▸ **SOURCE MATERIAL**
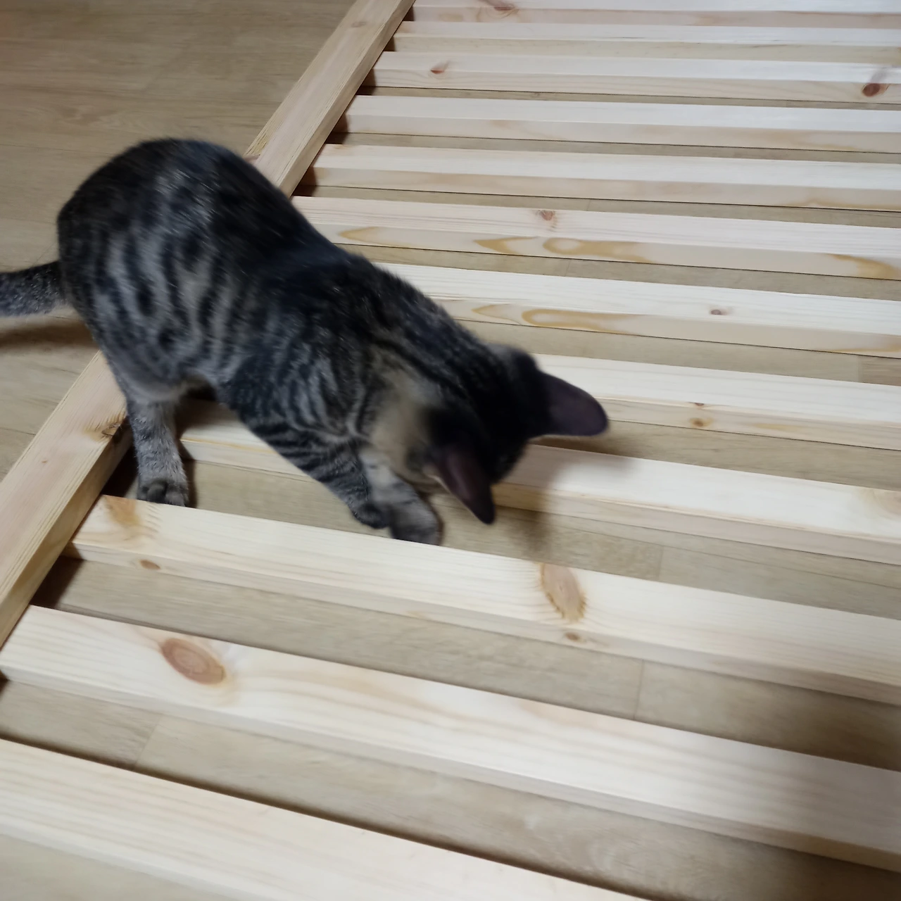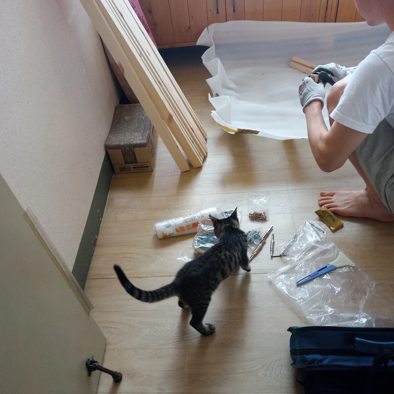 만드는 과정은 생략할게요. 그냥 딱 보면 아시겠죠? 나무들 줄 세워서 놓고 나사만 박으면 되지요. 저는 이렇게 쉽게 말합니다만 만드는 사람 입장에선 간격 맞추기가 좀 까다로울 듯도 합니다. 송이도 뭔가 참견하는 듯하네요.
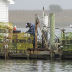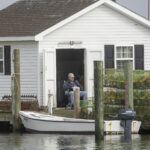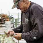 Freddy Wheatley, Tangier waterman mends crab pots on his dock while telling us his tales.
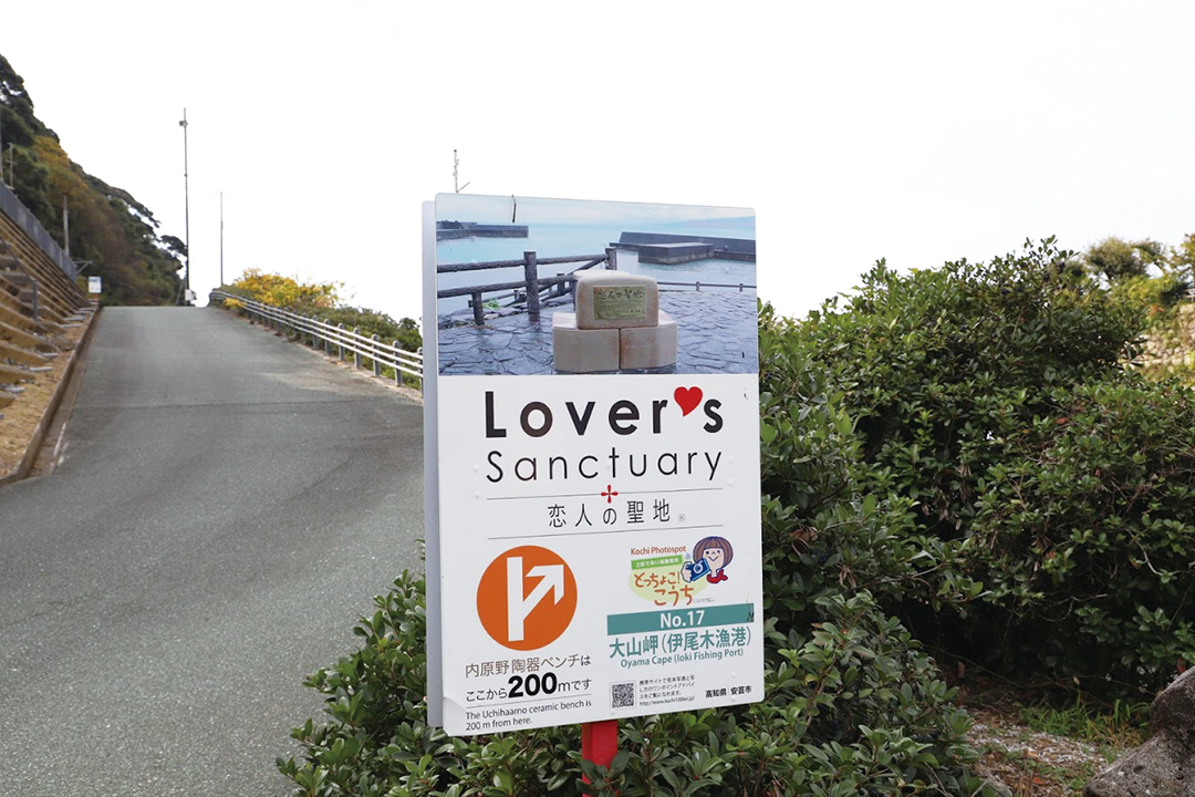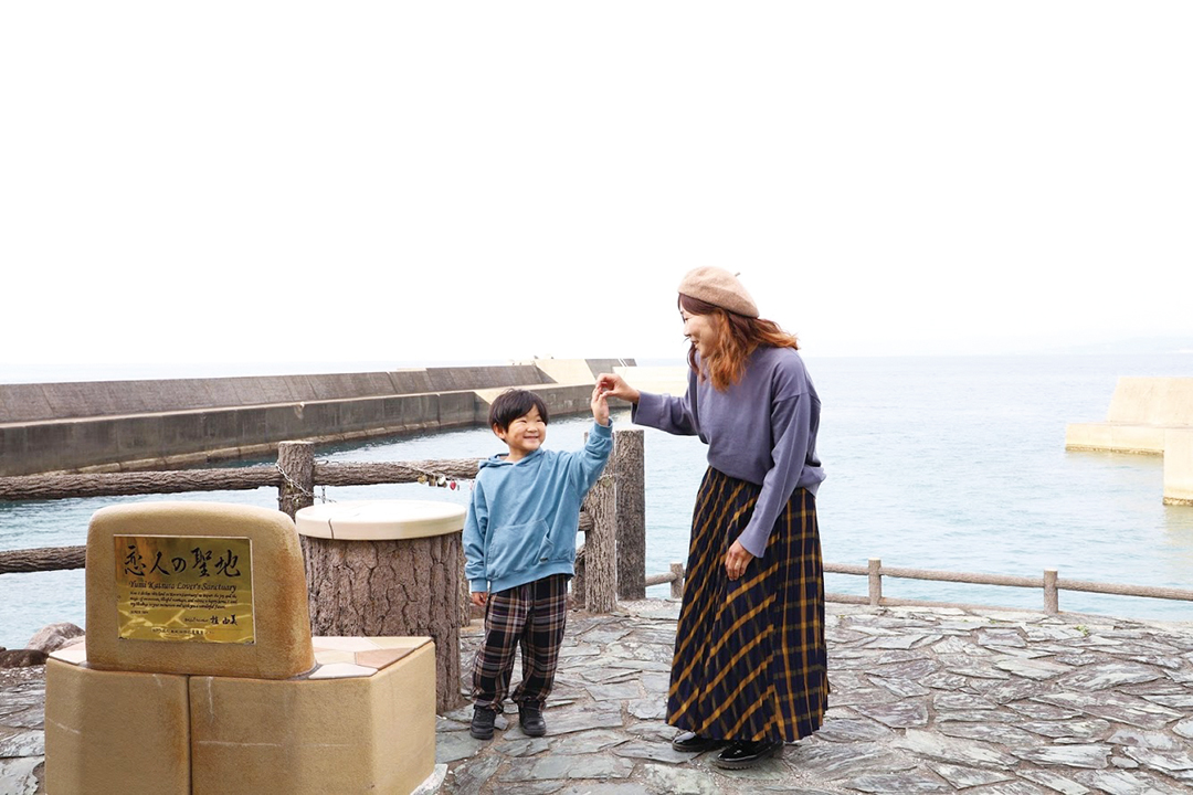 安芸市大山岬にあるラブパワースポット「恋人の聖地」。地域活性化と少子化対策への貢献の両立を図るため、地域の観光スポットを「プロポーズにふさわしいロマンチックな場所」として選定したもの。恋人の聖地のベンチは、安芸市で有名な内原野焼きで作られ、桂由美さんのメッセージも添えられている。まさしくラブパワー全開! ここからの景色も最高で、晴れた日にはサンゴ礁が、冬にはだるま夕陽が見えることも。ベンチに座ってゆっくり過ごすのも贅沢時間。帰りはすぐそばにある「道の駅大山」で名物の「ナスライスバーガー」を食べる、息子とのデートコース。にっこり笑顔が止まらない、ママの幸せ時間を過ごしてみて。

▸ **WHAT YOU HAVE TO DO**
Your copy of the data above should match it exactly, apart from the images.

▸ **TASK OUTPUT**
 만드는 과정은 생략할게요. 그냥 딱 보면 아시겠죠? 나무들 줄 세워서 놓고 나사만 박으면 되지요. 저는 이렇게 쉽게 말합니다만 만드는 사람 입장에선 간격 맞추기가 좀 까다로울 듯도 합니다. 송이도 뭔가 참견하는 듯하네요.
 Freddy Wheatley, Tangier waterman mends crab pots on his dock while telling us his tales.
 安芸市大山岬にあるラブパワースポット「恋人の聖地」。地域活性化と少子化対策への貢献の両立を図るため、地域の観光スポットを「プロポーズにふさわしいロマンチックな場所」として選定したもの。恋人の聖地のベンチは、安芸市で有名な内原野焼きで作られ、桂由美さんのメッセージも添えられている。まさしくラブパワー全開! ここからの景色も最高で、晴れた日にはサンゴ礁が、冬にはだるま夕陽が見えることも。ベンチに座ってゆっくり過ごすのも贅沢時間。帰りはすぐそばにある「道の駅大山」で名物の「ナスライスバーガー」を食べる、息子とのデートコース。にっこり笑顔が止まらない、ママの幸せ時間を過ごしてみて。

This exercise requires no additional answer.